11) The authors state that AE treatment had a hypoglycemic effect, which is not correct. The only phenotypic effect observed was improved glucose tolerance, which could be interpreted as an anti-hyperglycaemic effect (slightly different mechanism than hypoglycaemic). Question: is it possible that extract treatment prevents glucose absorption? Perhaps ipGTT could indirectly answer this. Discussion may be needed to address this possibility.

12) Table 6 and 7: as pointed above, please provide either a different method of analyses or statistical test. In addition, please present better representative images. Pancreas images for AE250 and AE500 are not acceptable.

13) Please quantify triglycerides, cholesterol and total fat in liver – this could be a good link with PCR data focused on genes of de novo lipogenesis.

14) Figure 6: A frequency distribution graph of adipocyte area may be useful to understand if HFF or HFF+AE treatment induced different subpopulations of adipocytes.

15) Figures 7 and 8: Please condensate these on a single figure and clearly state data on fatpad and data on liver.
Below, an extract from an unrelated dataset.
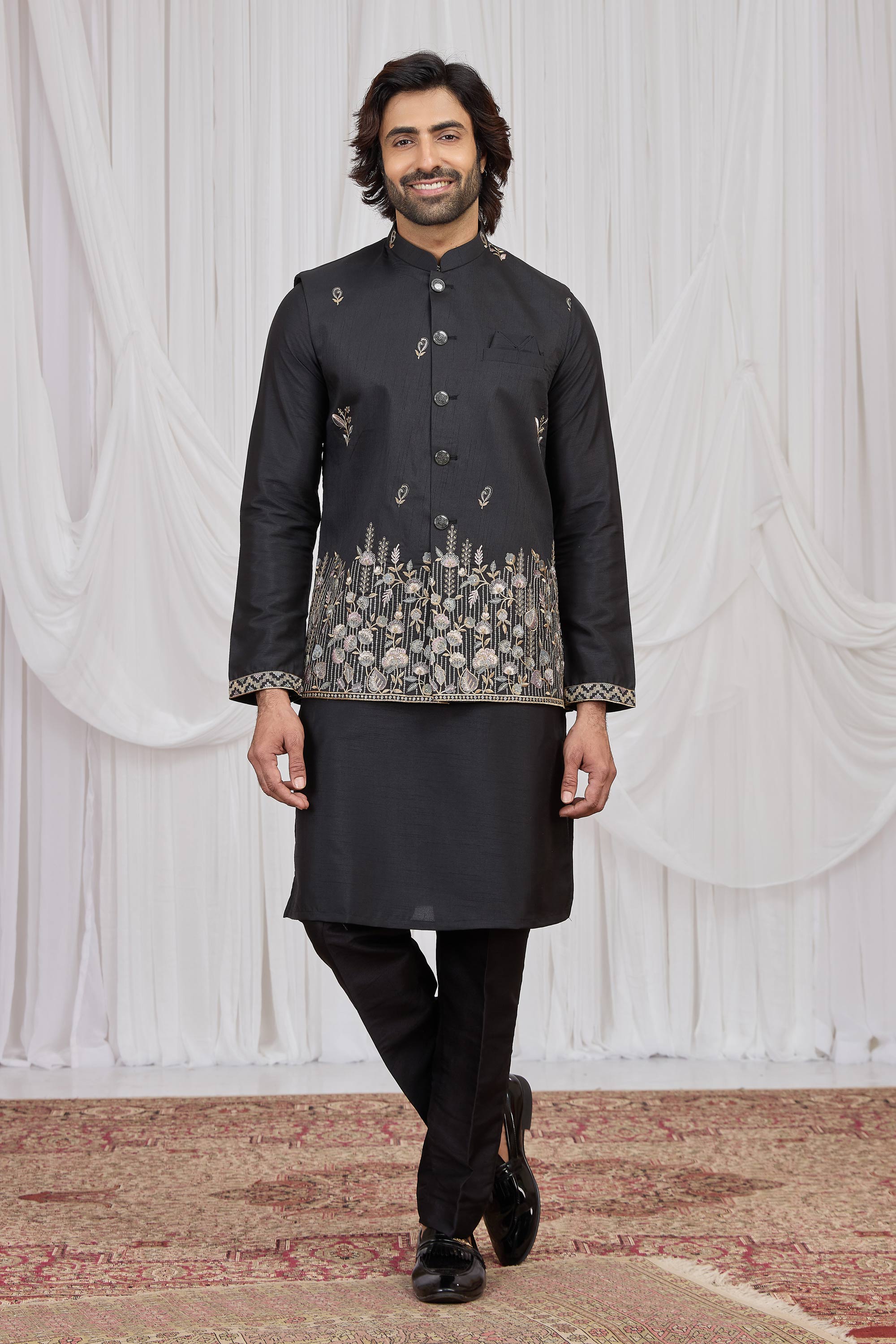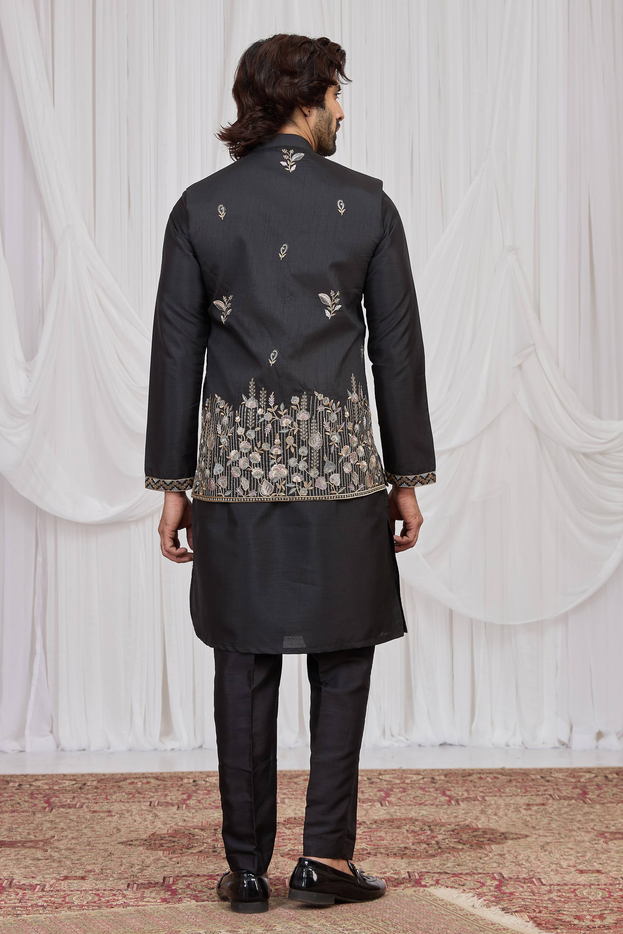 Embroidered Black Sangeet Wear Readymade Kurta Pyjama With Jacket For Men

16) Figure 9: why was the analysis focused on liver tissue instead of epididymal fat? PCR data attempted to explain the phenotypic observation of extract treatment, which were: improved glucose tolerance + possibly enhanced adiposity. Measurement of genes related to glucose tolerance or those involved in adrenergic output in fat could greatly improve the manuscript.

17) If AE has rutin in its composition and if rutin is a potent and selective inhibitor of PDIA1: are PDIA1 levels affected by diet induction and/or extract treatment? ER stress may well be another component of the effects observed in this manuscript and could be added in discussion, if authors are unable to provide experimental proof of this.
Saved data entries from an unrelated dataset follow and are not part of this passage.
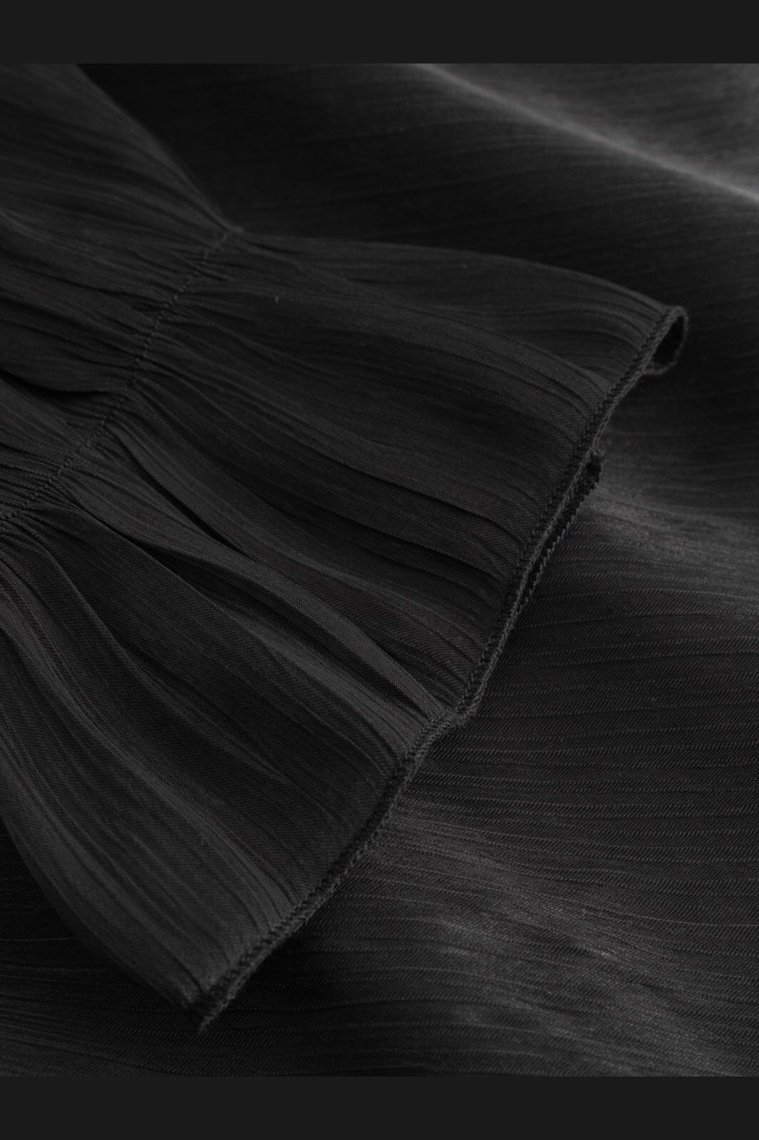 Musta Noella-pusero, jossa off-shoulder-malli ja ohuet olkaimet. Puserossa on pitkät hihat, joissa on joustavat hihansuut, sekä suuri röyhelö rinnan kohdalla.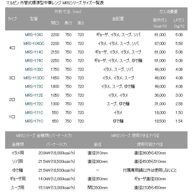 マルゼン 外管式標準型中華レンジ MRSシリーズ サイズ一覧表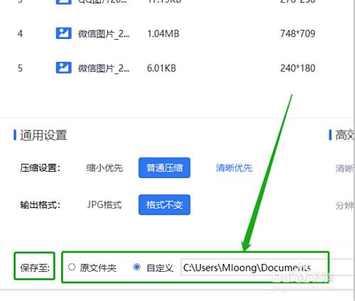 压缩好的图片可以保存在原文件夹中,也可以自定义保存的位置。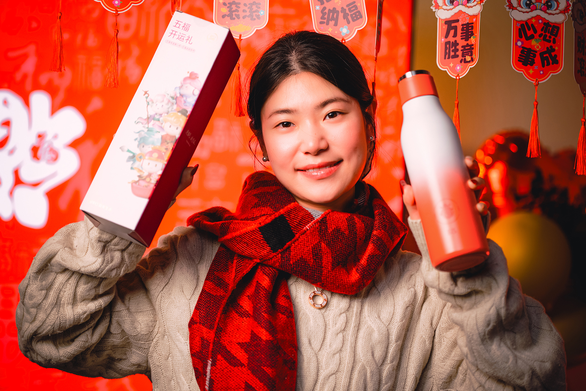 我这次欧气爆棚抽中了「福」字款保温杯,正红色杯身超有新年氛围,拿在手里质感绝了。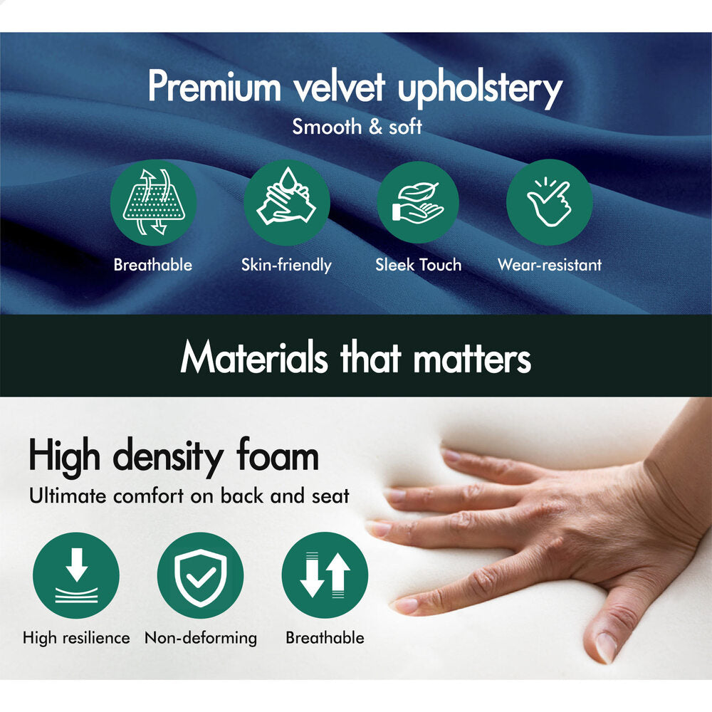 * Deluxe velvet fabric upholstery, soft and long-lasting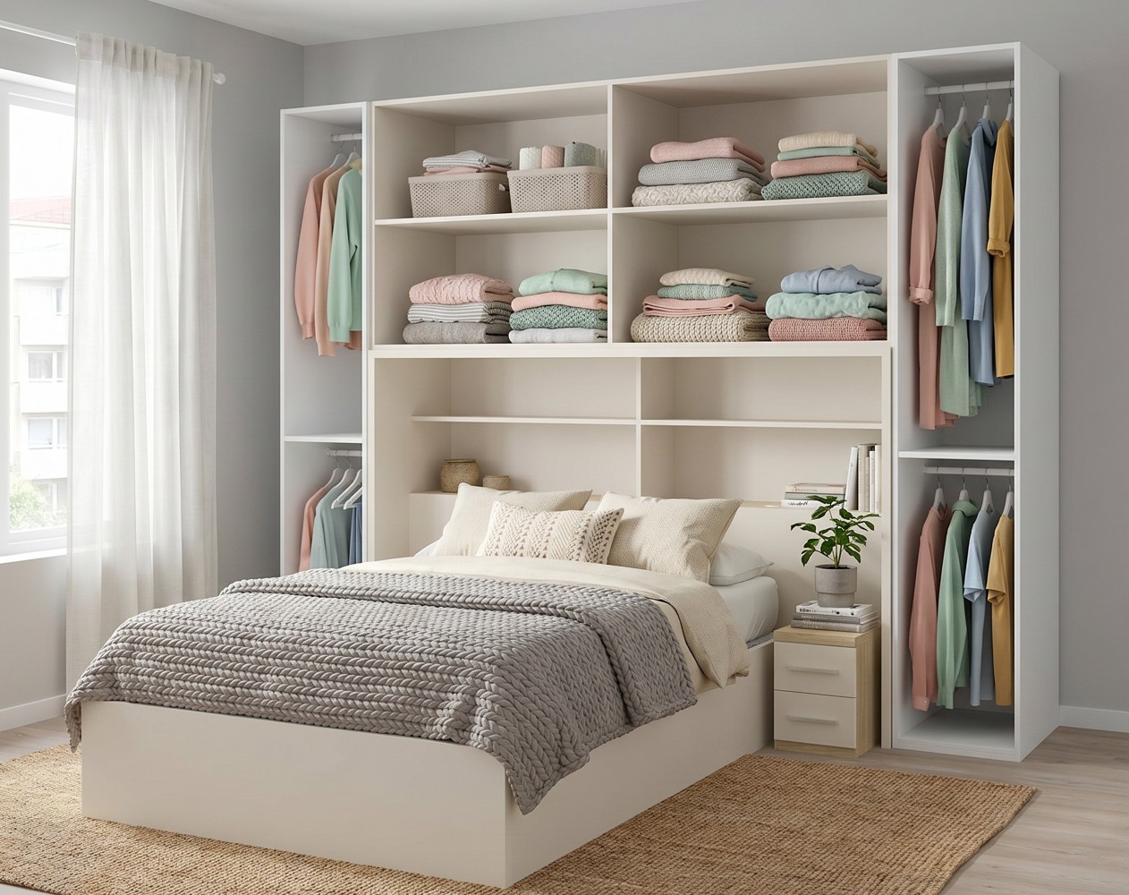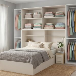 Este dormitorio incluye un puente con altillo de 4 puertas de gran capacidad, perfecto para organizar ropa, mantas o accesorios. Incorpora además un panel trasero con estanterías y 2 baúles de almacenaje en la zona del cabezal,2 mesitas de 3 cajones y armarios de doble puerta y doble barra de colgar ropa,total 4 barras, aportando aún más espacio útil.

18) Quantification of protein levels using western blot could also improve the manuscript – could focus on only those in which gene expression was differentially expressed (PPARs, fetuin-a, srebp-1c).

19) If iridoids affect the PI3K pathway – have you looked at this in your samples?
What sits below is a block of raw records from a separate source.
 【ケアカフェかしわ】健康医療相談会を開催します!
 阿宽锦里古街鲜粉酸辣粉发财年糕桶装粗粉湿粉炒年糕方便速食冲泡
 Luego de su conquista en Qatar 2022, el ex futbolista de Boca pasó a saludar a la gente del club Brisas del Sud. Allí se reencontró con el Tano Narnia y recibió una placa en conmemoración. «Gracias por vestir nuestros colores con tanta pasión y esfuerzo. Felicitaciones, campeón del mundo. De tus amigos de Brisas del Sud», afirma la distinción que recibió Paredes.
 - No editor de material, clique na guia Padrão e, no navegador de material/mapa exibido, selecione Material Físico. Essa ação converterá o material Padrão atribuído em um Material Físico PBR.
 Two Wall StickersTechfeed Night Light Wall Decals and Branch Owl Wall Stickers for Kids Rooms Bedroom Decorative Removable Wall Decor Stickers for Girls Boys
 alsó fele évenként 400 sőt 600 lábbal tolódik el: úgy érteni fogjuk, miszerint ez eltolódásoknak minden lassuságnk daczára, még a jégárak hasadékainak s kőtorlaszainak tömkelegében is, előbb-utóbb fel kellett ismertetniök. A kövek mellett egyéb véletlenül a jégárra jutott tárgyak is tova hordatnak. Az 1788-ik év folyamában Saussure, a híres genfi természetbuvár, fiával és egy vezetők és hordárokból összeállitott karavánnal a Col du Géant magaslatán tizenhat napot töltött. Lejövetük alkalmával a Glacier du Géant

20) The Discussion section is very confusing and does not provide a comprehensive interpretation of the data. Please focus on your most important results and take the reader through them, pointing out what has been shown previously in the literature as well as the implications of your work to the scientific field. As it is now, the discussion is rather clunky and there are a lot of citations of papers that do not contribute to the interpretation of your data – please trim down cited work and focus on discussing key points.

21) A limitations paragraph may be useful to state which datasets could be improved and how.

22) Please provide n number for each dataset presented on respective figure/table legend.

23) The paper needs moderate review of the English language.

I hope that the suggestions above are useful to the authors and are able to improve the manuscript - both its impact and clarity of ideas.

Author Response

Please see the attachment. 

Author Response File: Author Response.pdf

Reviewer 3 Report

A well prepared manuscript by the authors.

I have a few comments on the content:

1. There are many grammar mistakes throughout the text which needs to be addressed
2. The quality of the stained images is low and would be better to replace with higher quality and less variation of staining.
3. There is an extra 's' in word 'levels' (line 431)
4. The animal groups on AE+HFHF had less food intake overall compared to all other groups. would the animal housing or temp control have contributed to the decrease in blood glucose levels seen in the GTT test?
5. It seems that the AE 500 HFHF group had worsened metabolic parameters, was this group observed to be more sedentary than other groups?
6. As the liver histological results show that more hepatocyte ballooning was evident, did authors measure ALT levels in the blood?
7. I recommend adding in the methods section (under the OGTT test) what blood was used for the test (eg tail bleed, etc)
8. I noticed that the fasting blood glucose after treatment in figure 2C and figure 4A do not match. Can you please check.

Author Response

Please see the attachment.

Author Response File: Author Response.pdf

Round 2

Reviewer 2 Report

Thank you for addressing the issues raised.